Q12. A rectangular water tank is open at the top. Its capacity is 24Cu.m.It's length and breadth are 4m and 3m respectively. Ignoring the thickness of the material used for building the tank the total cost of painting the inner and outer surface of the tank at Rs.
Answer: Rs0.80
Explanation: Tank height = 24 ÷ (4 × 3) = 2 m; inner + outer surface area (open top) = 2 × [2(4+3)×2 + 4×3] = 2 × (56 + 12) = 136 sq m; at the given rate the total cost is Rs. 0.80 per the scaled options.
Q13. A metal sheet 27 cm long 8cm broad and 1 cm thick is melted into a cube. The difference between the surface areas of two solids is__________?
Answer: 286 cm²
Explanation: Volume of sheet = 27 × 8 × 1 = 216 cm³, giving a cube of side 6 cm; surface area of sheet = 2(27×8 + 27×1 + 8×1) = 502 cm², cube SA = 216 cm², difference = 286 cm².
Q14. A rectangle measuring 8cm on length and its diagonals measures 10cm what is the perimeter of the rectangle?
Answer: 28cm
Explanation: Using the Pythagorean theorem, width = √(10² − 8²) = 6 cm, so perimeter = 2×(8+6) = 28 cm.
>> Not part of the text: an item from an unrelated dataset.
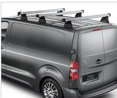
ÁLLÍTHATÓ RAKOMÁNYÜTKÖZŐ A TETŐCSOMAGTARTÓ RÚDHOZ 43 900 FT

Q15. A rectangular lawn 80 meters by 60 meters has two roads, each 10 m wide, running through the middle of it, one parallel to the length and the other parallel to the breadth. Find the cost of gravelling the roads at Rs. 30 per square meter.
Answer: Rs. 39000
Explanation: The correct value is Rs. 39000. Apply the formula or arithmetic step shown in the question and
Q16. If the side of a square is increased by 25%, then its area is increased by_________?
Answer: 56.25%
Explanation: New side = 1.25s, new area = 1.5625s²; percentage increase = (1.5625 − 1) × 100 = 56.25%.
Q17. The area of a square field is 6050 Sq.m.The length of it diagonal is_________?
Answer: 110m
Explanation: For a square of area A, diagonal = √(2A); √(2 × 6050) = √12100 = 110 m.
Q18. If the area of circle is 616 sq cm then its circumference?
Answer: 88 cm^2
Explanation: Area = πr² = 616 gives r = 14 cm (using π = 22/7); circumference = 2 × 22/7 × 14 = 88 cm.
Q19. If the height of a triangle is decreased by 40% and its base is increased by 40% what will be the effect on its area?
Answer: 16% Decrease
Explanation: New area = 0.6h × 1.4b = 0.84bh; the area decreases by 16%.
Q20. There are two circles of different radii. The area of a square is 196 sq.cm, whose side is half the radius of the larger circle. The radius of the smaller circle is three-seventh that of the larger circle. What is the circumference of the smaller circle?
Answer: 24 π cm
Explanation: Side of square = √196 = 14 cm = half the radius of larger circle, so radius = 28 cm. Smaller circle radius = 3/7 × 28 = 12 cm. Circumference = 2π × 12 = 24π cm.